Leaving the pictures aside, repeat every line below exactly.

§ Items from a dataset
= = = = = = =
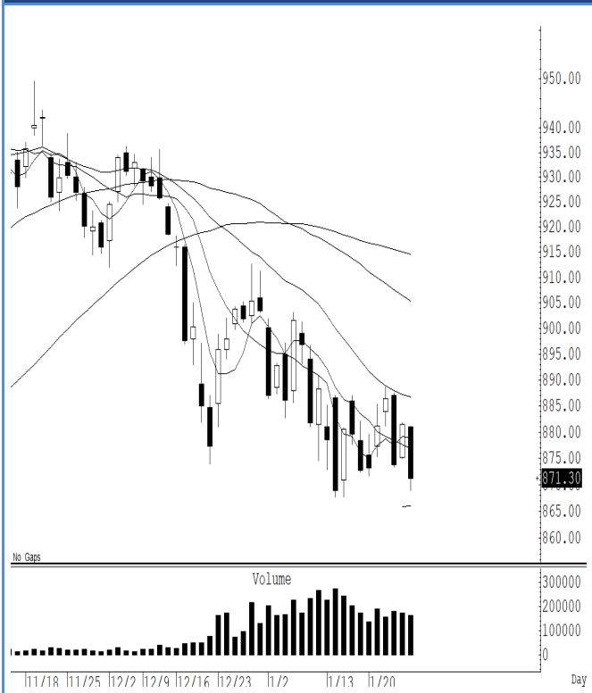
S50H25 (Close 871.30 Chg -10.20)

ยังไม่มีจุดต่ำใหม่ แต่ถ้าปิดต่ำกว่า 865 จุด แนวโน้มจะปรับตัวลงต่อสั้น ๆ ดีดกลับไม่ข้าม 877 จุด แนะนำ trading ในกรอบระหว่าง 877-866 จุด รับรู้กำไร
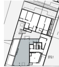
Geschäftsengang Ottakringer Straße 26
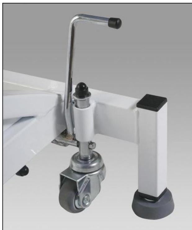
Układ jezdny z hamulcem centralnym
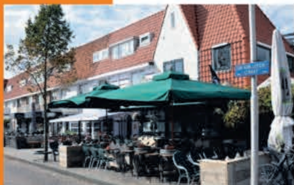
De Groene Druif J. v. Goyenstraat 33 Heemstede

ZONDAG 16 JUNI, 15.00 U. POLEN-NEDERLAND 0-5 VRIJDAG 21 JUNI, 21.00 U. NEDERLAND-FRANKRIJK 5-0 DINSDAG 25 JUNI, 18.00 U. NEDERLAND-OOSTENRIJK 5-0
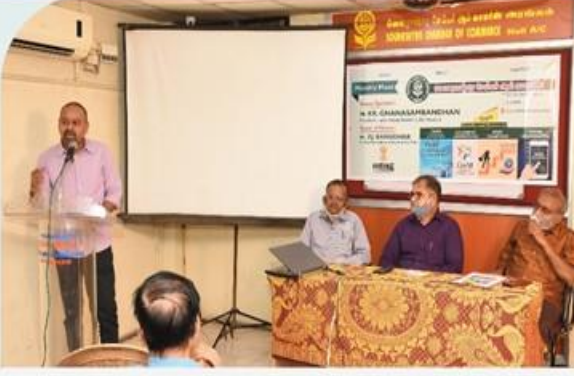
10ம் பக்க தொடர்ச்சி...

நிறைவாக, தற்போது ஆளும் மத்திய அரசு தொழில் நிறுவனங்களின் வளர்ச்சிக்குத் தேவையான முயற்சிகளை சிறப்பாக செய்து வருகிறது என்று கூறி தனது உரையை நிறைவு செய்தார். மேற்படி ஒவ்வொரு தலைப்பின் நிறைவுகற்பிற்ரு, அங்கத்தினர்களின் சந்தேகங்களுக்கு மிகத் தெளிவாக பதிலளித்தார்.
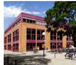
Baden-Württembergs Größte: Die Mensa Am Adenauerring!
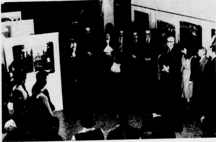
A Kőleszy Művelődési Központban rendezett kiállítások megnyitója

A kínai parlament ülészaka pénteken fejeződik be. A múlt hét végén a képviselők elfogadták a Kínai Népköztársaság negyedik alkotmányát, és visszaállították a harmincas évek közepén elfogadott himnusz eredeti szövegét. A „balosnak” minősített, 1978-ban jóváhagyott eddigi szövegben arra szövelték fel a kínai nemzetet, hogy „Mao Ce-tung zászlaját magasra emelve meneteljen céljai felé”. Az eredeti szövegben hiányzik minden utalás Mao Ce-tungra. Az Önkéntesek indulója címen ismert kínai himnusz annak idején a külföldi betolakodók elleni harcra mozgósította a kínai tömegeket.
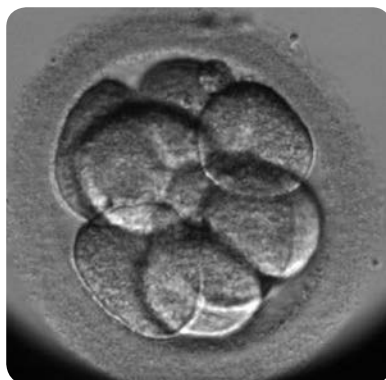
Embryon au stade de huit cellules

Vous entendrez peut-être le mot cryo-préservation : il désigne à la fois la congélation et la conservation.
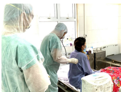
Kết quả xét nghiệm những người tiếp xúc gần với nữ du học sinh nhiễm COVID-19

Thêm một nữ bệnh nhân người Việt đang điều trị ở Bệnh viện Bệnh nhiệt đới Trung ương cơ sở 2 phải thở máy, lọc máu.
= = = = = = =
§ REPLY TO THE TASK
S50H25 (Close 871.30 Chg -10.20)

ยังไม่มีจุดต่ำใหม่ แต่ถ้าปิดต่ำกว่า 865 จุด แนวโน้มจะปรับตัวลงต่อสั้น ๆ ดีดกลับไม่ข้าม 877 จุด แนะนำ trading ในกรอบระหว่าง 877-866 จุด รับรู้กำไร
Geschäftsengang Ottakringer Straße 26
Układ jezdny z hamulcem centralnym
De Groene Druif J. v. Goyenstraat 33 Heemstede

ZONDAG 16 JUNI, 15.00 U. POLEN-NEDERLAND 0-5 VRIJDAG 21 JUNI, 21.00 U. NEDERLAND-FRANKRIJK 5-0 DINSDAG 25 JUNI, 18.00 U. NEDERLAND-OOSTENRIJK 5-0
10ம் பக்க தொடர்ச்சி...

நிறைவாக, தற்போது ஆளும் மத்திய அரசு தொழில் நிறுவனங்களின் வளர்ச்சிக்குத் தேவையான முயற்சிகளை சிறப்பாக செய்து வருகிறது என்று கூறி தனது உரையை நிறைவு செய்தார். மேற்படி ஒவ்வொரு தலைப்பின் நிறைவுகற்பிற்ரு, அங்கத்தினர்களின் சந்தேகங்களுக்கு மிகத் தெளிவாக பதிலளித்தார்.
Baden-Württembergs Größte: Die Mensa Am Adenauerring!
A Kőleszy Művelődési Központban rendezett kiállítások megnyitója

A kínai parlament ülészaka pénteken fejeződik be. A múlt hét végén a képviselők elfogadták a Kínai Népköztársaság negyedik alkotmányát, és visszaállították a harmincas évek közepén elfogadott himnusz eredeti szövegét. A „balosnak” minősített, 1978-ban jóváhagyott eddigi szövegben arra szövelték fel a kínai nemzetet, hogy „Mao Ce-tung zászlaját magasra emelve meneteljen céljai felé”. Az eredeti szövegben hiányzik minden utalás Mao Ce-tungra. Az Önkéntesek indulója címen ismert kínai himnusz annak idején a külföldi betolakodók elleni harcra mozgósította a kínai tömegeket.
Embryon au stade de huit cellules

Vous entendrez peut-être le mot cryo-préservation : il désigne à la fois la congélation et la conservation.
Kết quả xét nghiệm những người tiếp xúc gần với nữ du học sinh nhiễm COVID-19

Thêm một nữ bệnh nhân người Việt đang điều trị ở Bệnh viện Bệnh nhiệt đới Trung ương cơ sở 2 phải thở máy, lọc máu.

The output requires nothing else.